Die Laborassistentin hatte auch zugegeben, für ihren Vater zweimal an ihrer Arbeitsstelle Spray gestohlen zu haben, mit dem DNA-Spuren entfernt werden können. Das Gericht verurteilte sie neben der Bewährungsstrafe zu 150 Stunden gemeinnütziger Arbeit. Vor allem, dass sie die Polizei schließlich selbst zu dem Geldversteck geführt hatte, wirkte sich strafmildernd aus. Ihr mitangeklagter Ex-Freund wurde wegen Hehlerei zu einem Jahr auf Bewährung verurteilt.

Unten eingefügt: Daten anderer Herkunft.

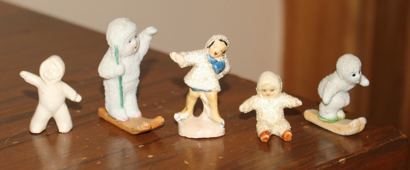 Title (ebay affiliate link): Two Snow babies, Two skiers. One girl ice skater. All miniture figures.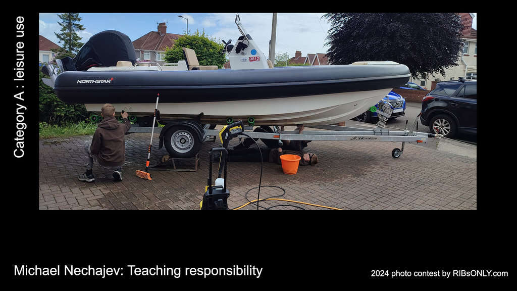 In the picture you can see my Northstar Orion 6, parked in the drive and my 13-year-old twins scrubbing the hull – one of them is lying under the boat. In the background – you can see me under the boat as well – leading by example.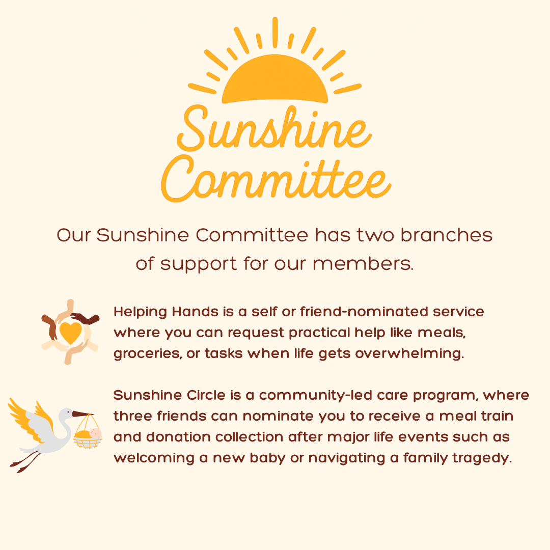 We know that motherhood is full of big moments! Joyful ones (like new babies!) and tough ones (like illness, loss, or surgery). It’s also full of lots of little moments that can sometimes feel overwhelming. That’s where our Sunshine Committee comes in! As the philanthropic arm our non-profit, we’re here to help our community show up for one another when it matters most. Through Helping Hands, you can request for support with meals, groceries, or everyday tasks. And through Sunshine Circle, three friends can nominate a mama to receive a meal train and donation collection during life’s biggest transitions. To be part of this amazing community, whether you’d like to help or may need support yourself, please be sure to add our Facebook page, NFW Littles Sunshine.
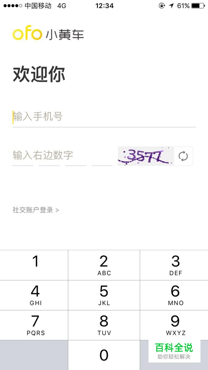 打开ofo共享单车,输入手机号码以及验证码进行登录。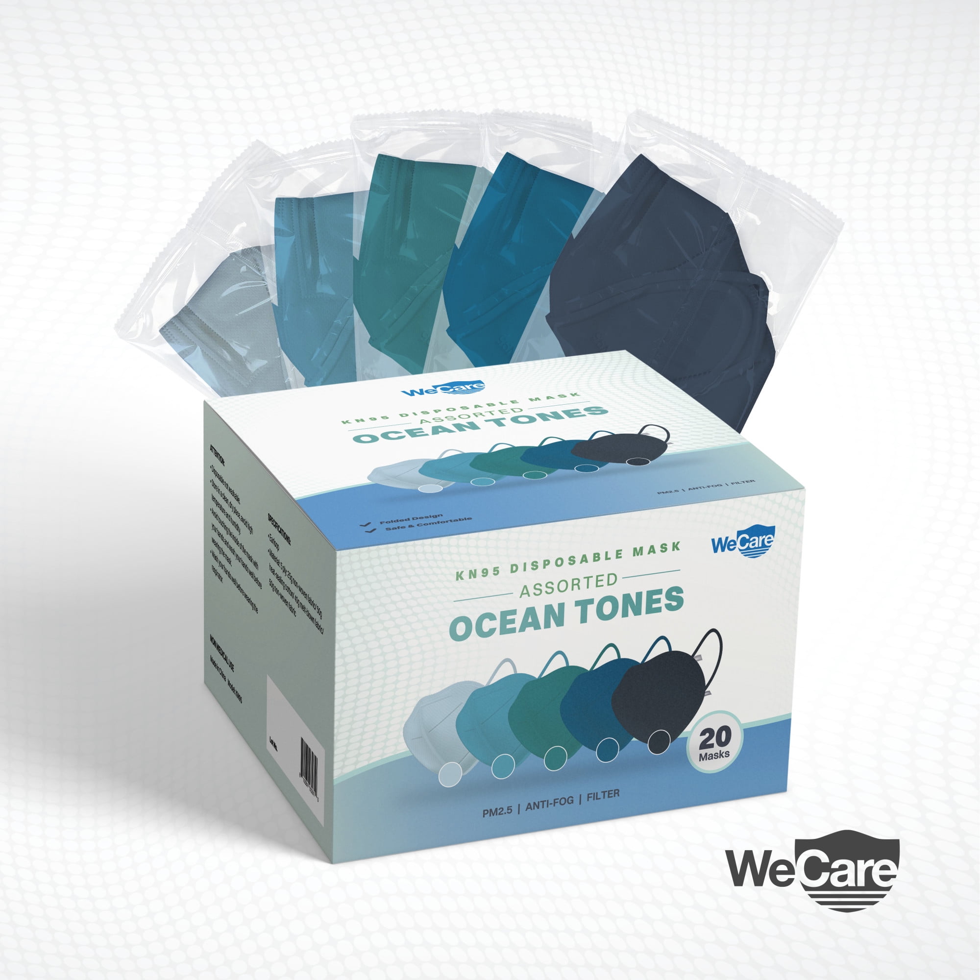 WeCare Protective Disposable Face Mask, 5-Ply Layer (20 Individually Wrapped) – Ocean Tones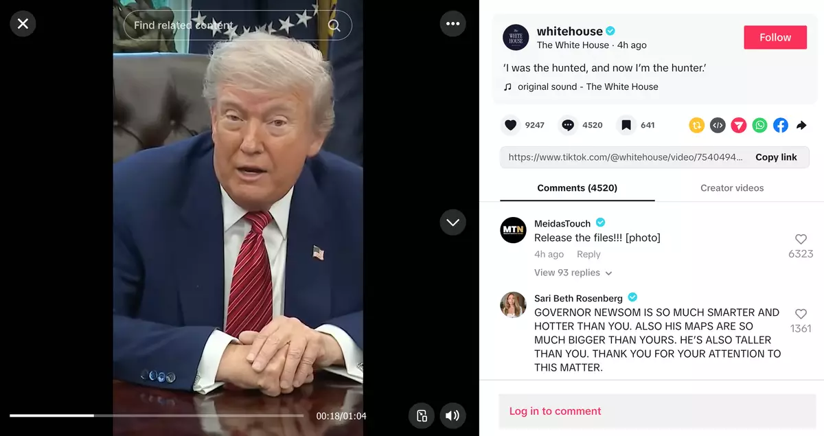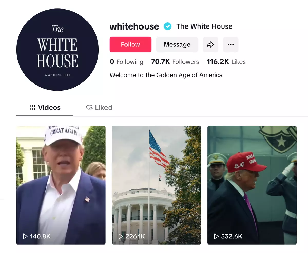 美國白宮在TikTok開設官方帳號,利用這個影片分享程式在美國擁有超過1億5千萬用戶的優勢,傳播總統特朗普的信息。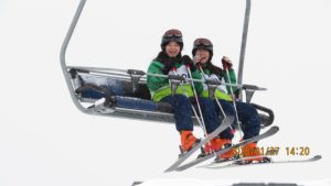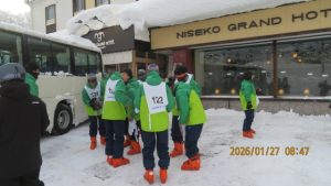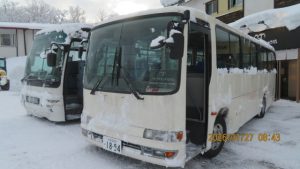 スキーウエアに着替えてホテルからゲレンデまでシャトルバスで移動します。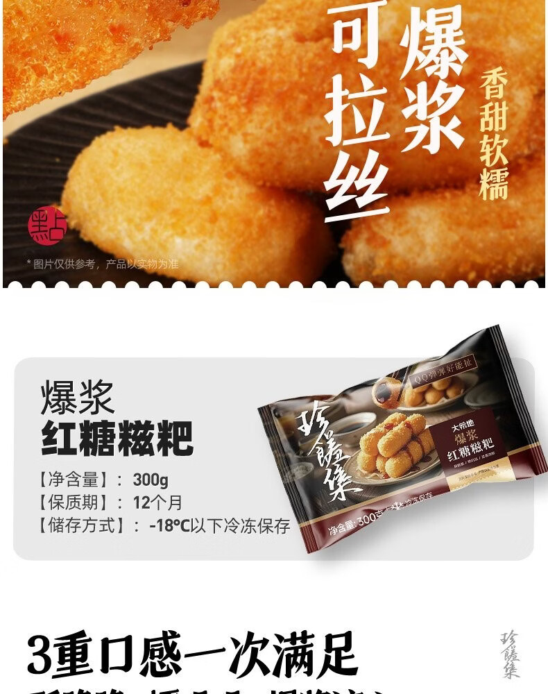 大希地爆浆红糖糍粑纯糯米年糕油炸点心食材半成品冷冻食品 红糖糍粑300g*3袋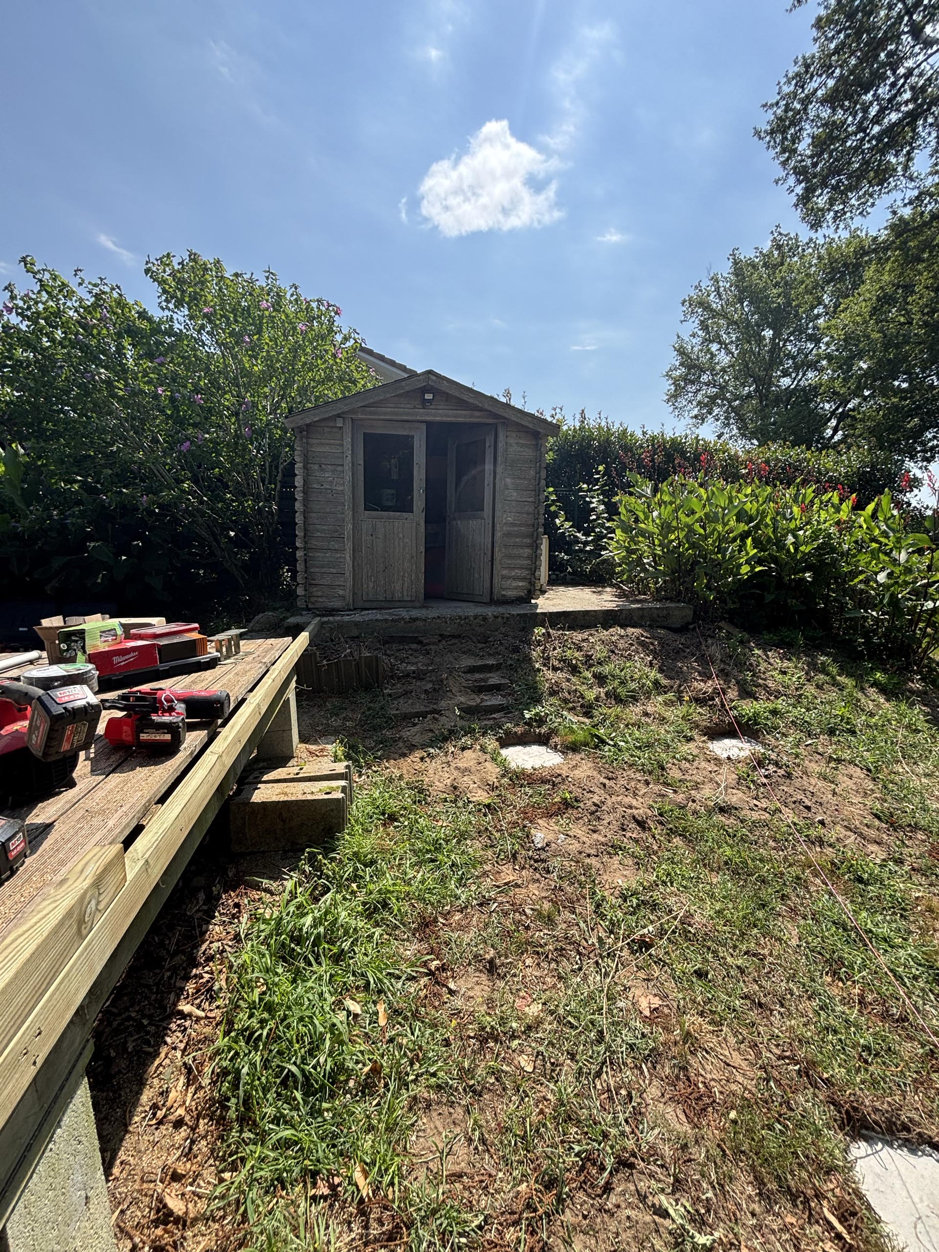 À Pontonx-les-Forges, nous avons transformé un ancien cabanon de jardin en un pool house moderne et fonctionnel. Ce projet sur mesure a été réalisé en ossature bois avec bardage landais en Douglas, un matériau noble et résistant, parfaitement adapté aux extérieurs des Landes.

Die Ermittlungen gegen die beiden in Untersuchungshaft sitzenden Hauptverdächtigen Raimund M. und Rudi R. dauern indes noch an. Sie werden beschuldigt, in der Nacht zum 28. Oktober 2011 in Augsburg den Polizisten Mathias V. erschossen und dessen Kollegin verletzt haben. Außerdem werden den Brüdern mehrere Raubüberfälle zur Last gelegt – unter anderem in Ingolstadt und Augsburg. Mit dem Prozess gegen die beiden wird nicht vor dem Spätsommer gerechnet. Rudi R. saß bereits einmal wegen Mordes an einem Polizisten für mehr als 19 Jahre im Gefängnis.